6. Conclusion and Future Work

The proposed Phish Block has been implemented on a private Ethereum blockchain, and it has been effective in keeping the homographic phishing URLs (about 91 percent). On the other hand, papers that were unnoticed included various sorts of phishing URLs (around 9 percent). The phishing filter that has been suggested also includes a few restrictions. The default difficulty level designed for the Ethereum platform has been an overhead in block time. This is changeable when the Phish Block algorithm is applied on a self-configured private blockchain that the CSP could afford, and the modification leads to improved block time. Not only would the addition of the Phish Block system as a utility offer safety for cloud storage and cloud users, but it would also provide an additional value as a trust element in the service level agreement (SLA) that is supplied by the cloud service provider (CSP).
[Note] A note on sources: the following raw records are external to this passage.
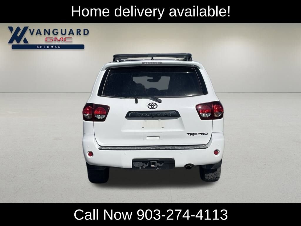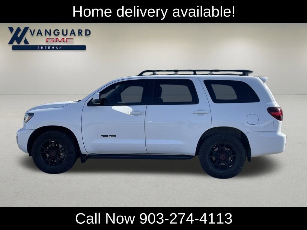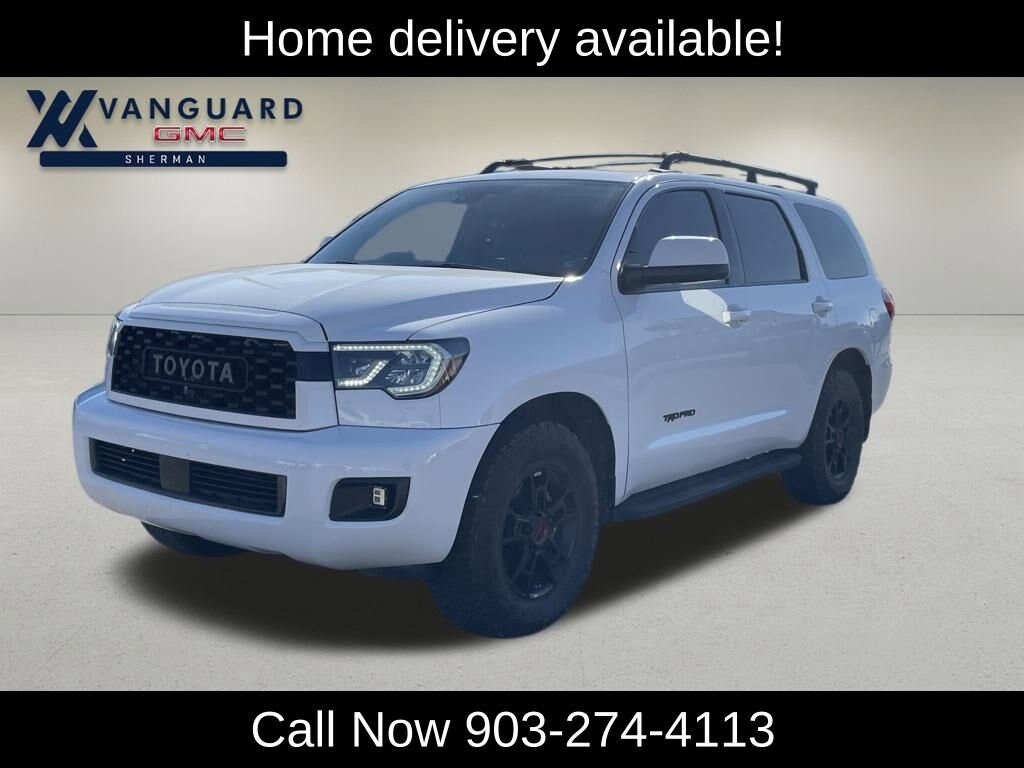 Clean CARFAX. CARFAX One-Owner. This vehicle comes with the following features and options : TRD Pro Package (Auto-Dimming Rear-View Mirror, Compass, Door Scuff Plate, and HomeLink Universal Transceiver), 6-Speed Automatic, 4WD, ABS brakes, Active Cruise Control, Auto High-beam Headlights, Electronic Stability Control, Front dual zone A/C, Front Heated Bucket Seats, Heated door mirrors, Heated front seats, Illuminated entry, Leather Seat Trim, Low tire pressure warning, Power moonroof, Remote keyless entry, Traction control, Wheels: 18 Black BBS Forged Aluminum Alloy, 15 Speakers, 3rd row seats: split-bench, 4-Wheel Disc Brakes, 4.30 Axle Ratio, Air Conditioning, Alloy wheels, AM/FM radio: SiriusXM, Apple CarPlay/Android Auto, Auto-dimming Rear-View mirror, Automatic temperature control, Brake assist, Bumpers: body-color, Delay-off headlights, Driver door bin, Driver vanity mirror, Dual front impact airbags, Dual front side impact airbags, Emergency communication system: Safety Connect with 1-year trial, Exterior Parking Camera Rear, Four wheel independent suspension, Front anti-roll bar, Front Bucket Seats, Front Center Armrest, Front fog lights, Front reading lights, Fully automatic headlights, Garage door transmitter: HomeLink, Headlight cleaning, Knee airbag, Leather Shift Knob, Leather steering wheel, Navigation system: Dynamic Navigation with up to 3-year trial, Occupant sensing airbag, Outside temperature display, Overhead airbag, Overhead console, Panic alarm, Passenger door bin, Passenger vanity mirror, Power door mirrors, Power driver seat, Power steering, Power windows, Radio: Premium Audio w/Nav/JBL/Clari-Fi, Rear air conditioning, Rear anti-roll bar, Rear reading lights, Rear seat center armrest, Rear window defroster, Rear window wiper, Reclining 3rd row seat, Roof rack, Security system, Speed control, Speed-sensing steering, Split folding rear seat, Spoiler, Steering wheel mounted audio controls, Tachometer, Telescoping steering wheel, Tilt steering wheel, Trip computer, Variably intermittent wipers, and Voltmeter. 6-Speed Automatic, 4WD, ABS brakes, Active Cruise Control, Auto High-beam Headlights, Auto-Dimming Rear-View Mirror, Compass, Door Scuff Plate, Electronic Stability Control, Front dual zone A/C, Front Heated Bucket Seats, Heated door mirrors, Heated front seats, HomeLink Universal Transceiver, Illuminated entry, Leather Seat Trim, Low tire pressure warning, Power moonroof, Remote keyless entry, Traction control, TRD Pro Package, Wheels: 18 Black BBS Forged Aluminum Alloy.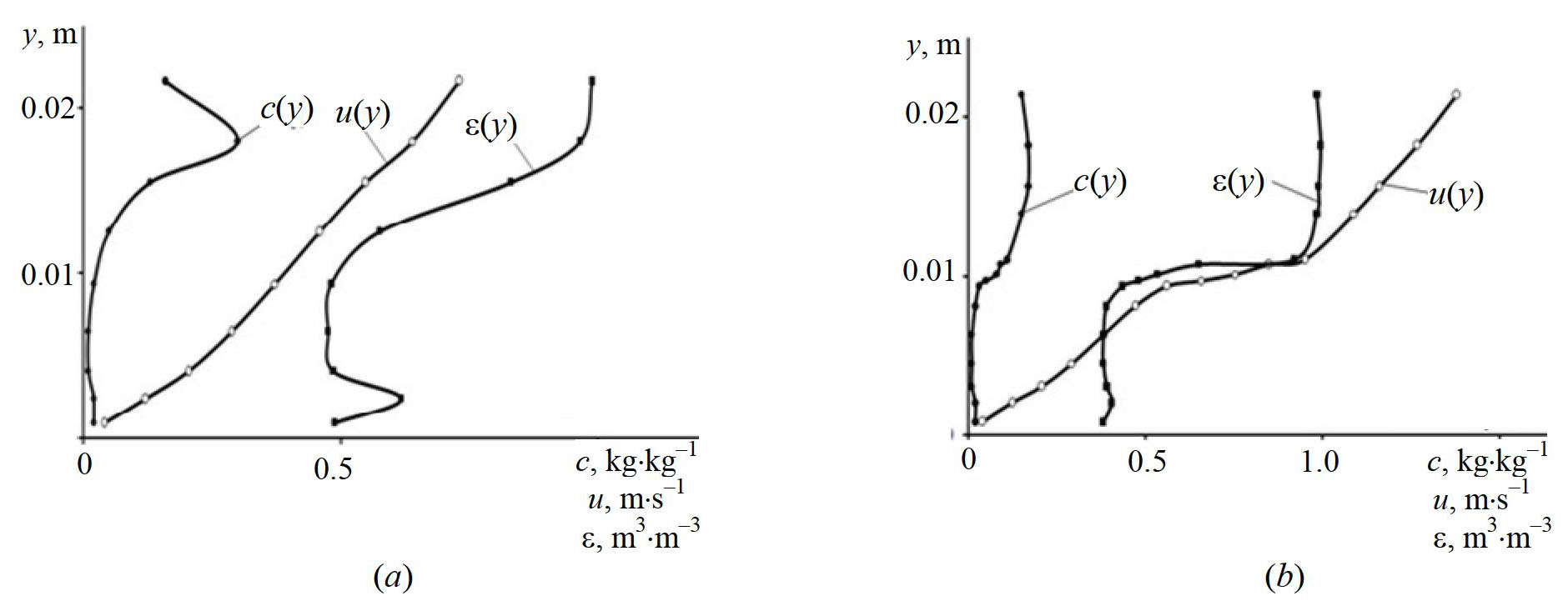 The results of the study in the form of profiles of velocity, volume fraction of voids and concentration of control particles (silica gel) in gravity flows without additional momentum action and in the case of its activation (belt speed 1.5 m×s–1) are shown in Figs. 5a and 5b, respectively.
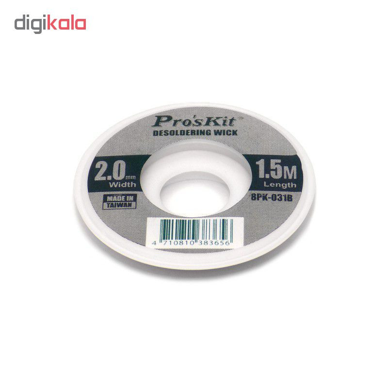 سیم قلع کش پروسکیت مدل 8PK-031B یک محصولات شناخته شده در بین تعمیرکارهای الکترونیک به حساب می آید. این محصول دارای عرض 2 میلی متر و طول سیم 1.5 متر می باشد. شیوه کار سیم قلع کش به این گونه می باشد که شما باید شیلد مسی این قلع کش را روی قسمت هایی از برد که نیاز است قلع اضافی آن برداشته شود گذاشته و سپس هویه را روی آن قرار دهید، هنگامی که قلع ذوب شود جذب سیم قلع کش شده و از روی برد برداشته میشود، برای استفاده مجدد نیاز است مقداری از شیلد مسی که قلع را جذب کرده با سیم چین قطع کنید و از مابقی سیم استفاده نمایید. این نوع قلع کش برای برد های SMD و ظریف بسیار کاربردی و مناسب است.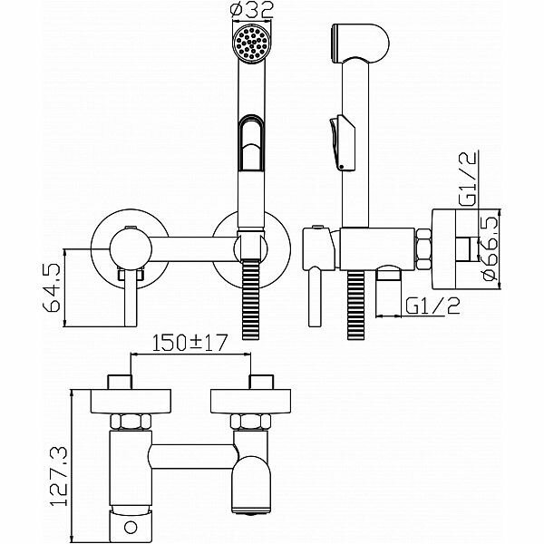 Смеситель ARGO LEDA 25-07/2L настенный с гигиеническим душем, хром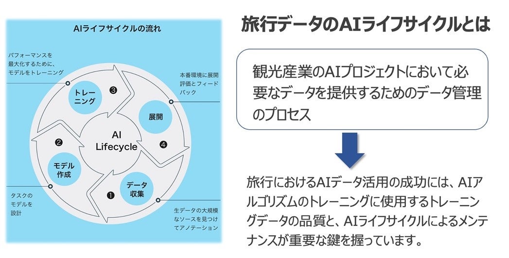 データを体系的に管理し、AI 実装を超簡単に!というData to AI 仕事術では、観光産業のDXを推進するために、旅行に関わる膨大なデータを適切に管理することで、AIに向けたデータ活用の準備を進めることが重要です。AIにおけるデータプラットフォームには、AIデータの源となる、各分野に分散されている大量かつ多岐にわたるデータドリブンのためのデータを効率的かつ安全に収集、保存、管理することが求められます。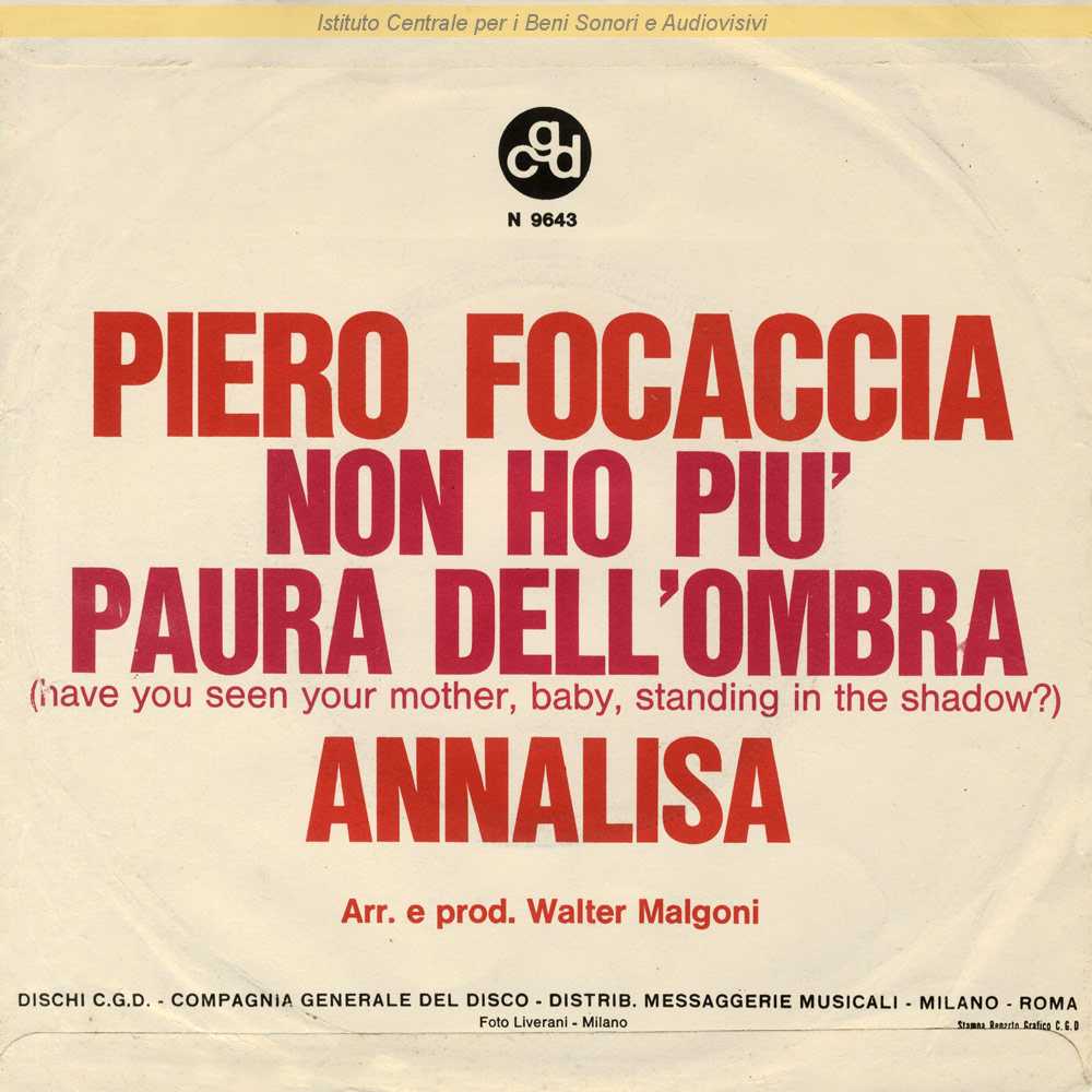 NON HO PIÙ PAURA DELL'OMBRA (HAVE YOU SEEN YOUR MOTHER, BABY, STANDING IN THE SHADOW? - Rolling Stones) Autori: Claudio Fontana, Mick Jagger, Keith Richards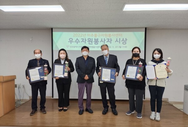 윤계림 미추홀구자원봉사센터 소장은 “센터는 자원봉사 활성화를 위해 헌신해 주시는 자원봉사자를 분기별로 선정하고 미추홀구청장 훈격 표창 수여를 통해 자원봉사자의 사회적 인정 및 자긍심을 고취시키고 있다”며 “우수자원봉사자 수상을 받은 여러분들의 헌신과 노고에 감사드린다”고 말했다.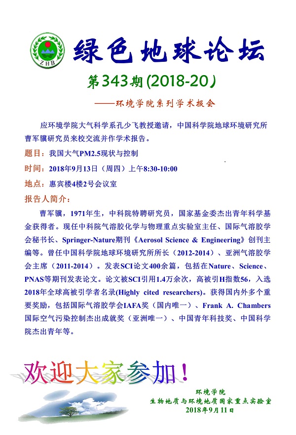 绿色地球论坛第343期(2018-20) ——无码动漫 系列学术报告会 题目:我国大气PM2.5现状与控制 时间:2018年9月13日(周四)上午8:30-10:00 地点:惠宾楼4楼2号会议室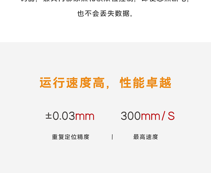 • 最高速度:水平:300mm/s(1.5kg負載),垂直:220mm/s(1.5kg負載)
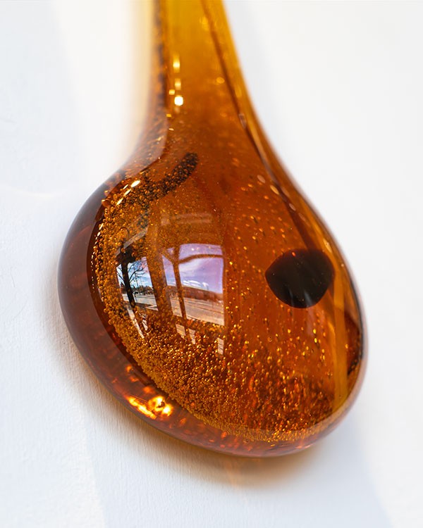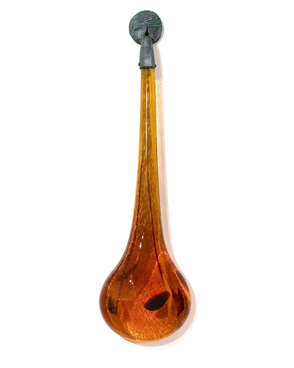 Sculpted glass with inclusions, enamel decals, bronze, steel, Approximately: 19"h x 5"w x 2"d, Item No. 23575,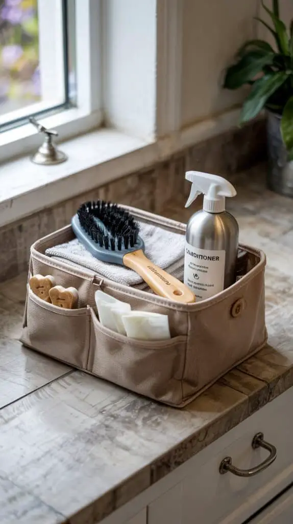 Choose a material that’s easy to clean—plastic, silicone, or sealed wood. Add a small towel, toothbrush, and extra treats if you use bribery (who doesn’t?). Now when it’s bath day or brush time, you’ve got everything in one place—no more rummaging under the sink while holding a wet dog.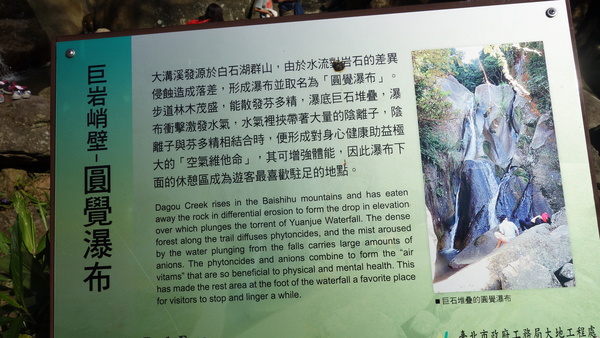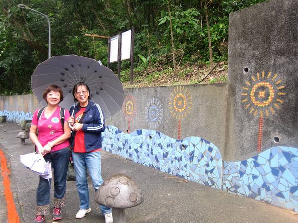 再往上一層,有兩個菇狀的涼亭。附近可看到圓覺瀑布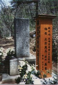 勇の墓の隣に近年(10年ほど前)歳三の碑が並んで建てられた。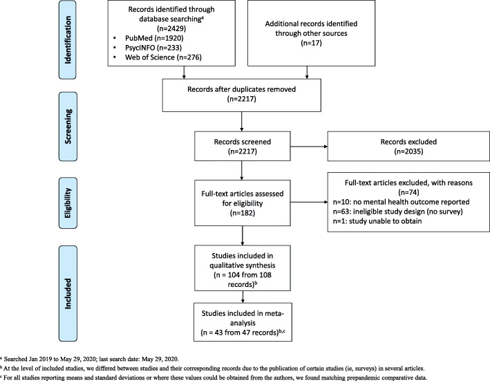 Methods: For this systematic review and meta-analyses, we systematically searched PubMed, PsycINFO, and Web of Science from January 1, 2019 to May 29, 2020, and screened reference lists of included studies. In addition, we searched PubMed and PsycINFO for prepandemic comparative data. Survey studies assessing mental burden by the SARS-CoV-2 pandemic in the general population, healthcare workers, or any patients (eg, COVID-19 patients), with a broad range of eligible mental health outcomes, and matching studies evaluating prepandemic comparative data in the same population (if available) were included. We used multilevel meta-analyses for main, subgroup, and sensitivity analyses, focusing on (perceived) stress, symptoms of anxiety and depression, and sleep-related symptoms as primary outcomes.
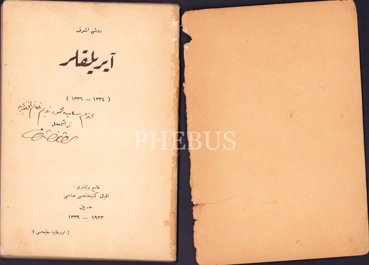 Ruşen Eşref'ten İthaflı ve İmzalı Osmanlıca "Ayrılıklar" Kitabı, Orhaniye Matbaası 1923, 135 sayfa, ön kapağı kopuk ve sayfaları yıpranmış hâliyle, 13x19 cm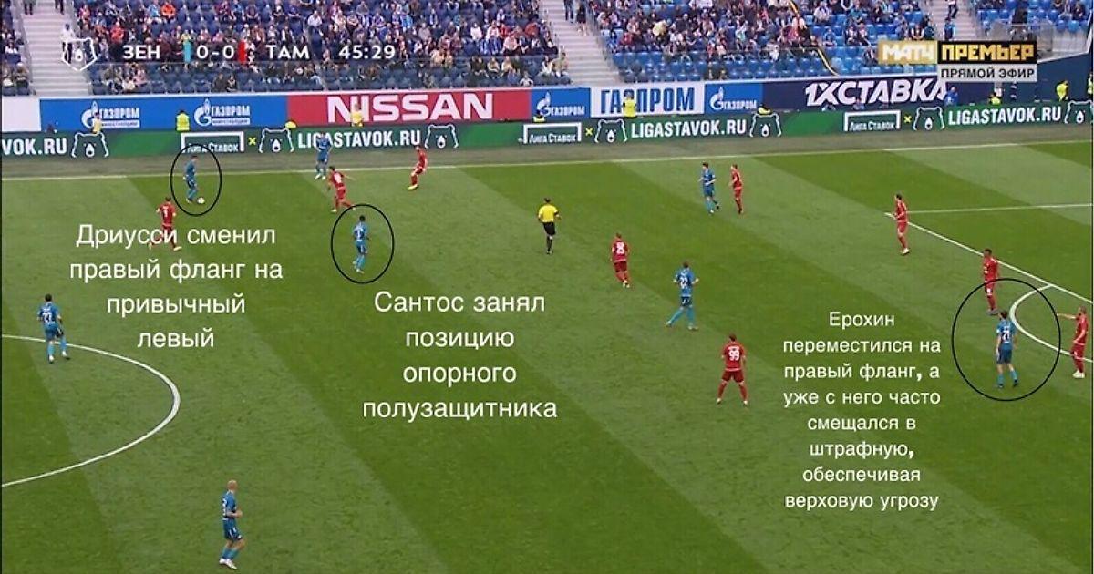 Зенит кардинально перестроился во втором тайме. Сантос оказался в опорной зоне, Жирков опустился на позицию левого защитника, Ерохин переместился на правый фланг, а Дриусси - на левый:
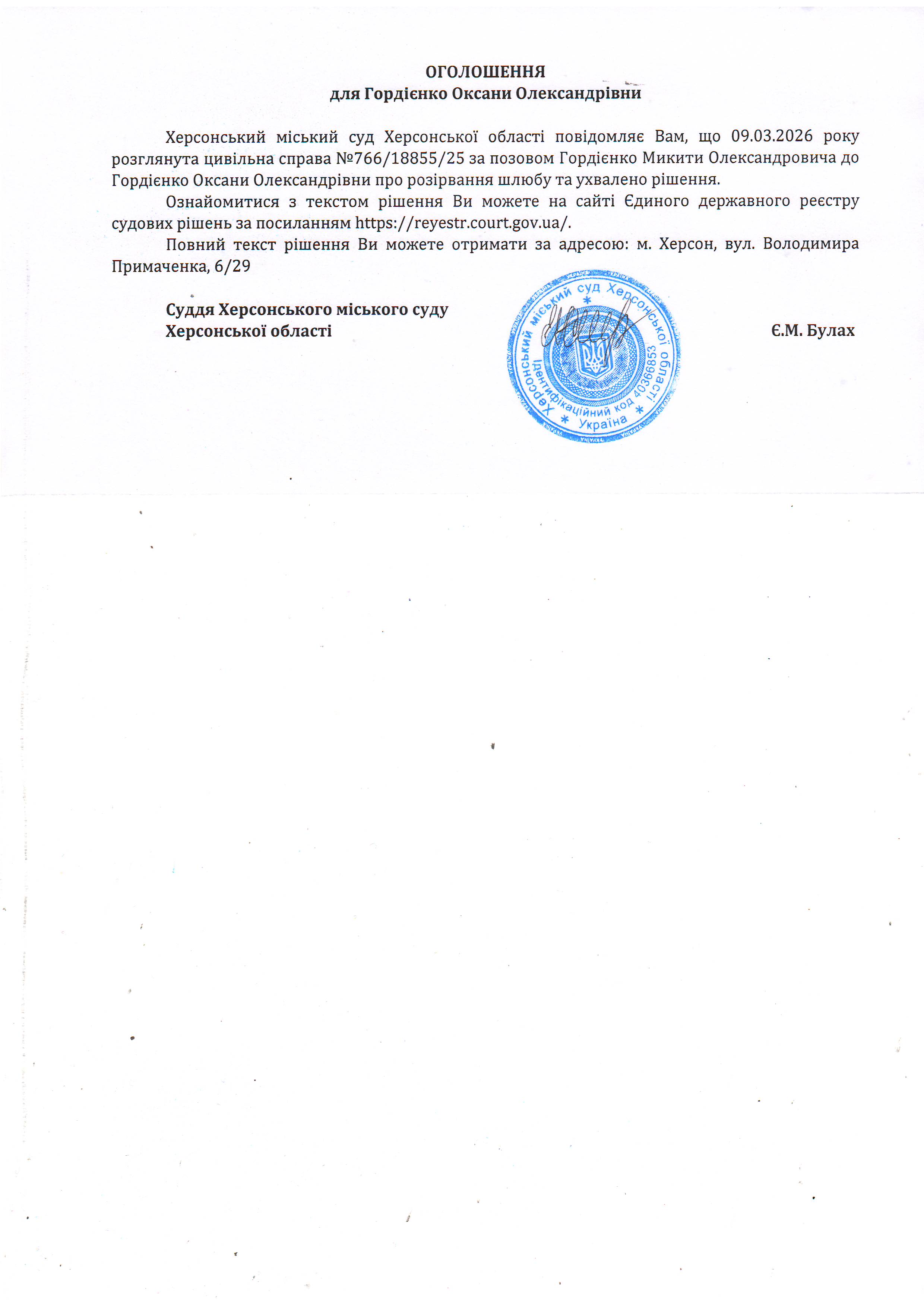 Оголошення для Гордієнко Оксани Олександрівни про ухвалення рішення

Therefore, the suggested phishing block has the potential to bring about a significant influence on the customer’s choice of cloud services among the several CSPs that are competing. In upcoming projects, we will be working to make the Phish Block more resistant against documents that include phishing content by including detection of various forms of phishing and providing sufficient compensation for the cost involved.

Data Availability

The data used to support the findings of this study can be obtained from the corresponding author upon request.

Conflicts of Interest

The authors declare that they have no conflicts of interest to report regarding the present study.

Acknowledgments

This research was supported by Taif University researchers supporting project no. TURSP-2020/306, Taif University, Taif, Saudi Arabia.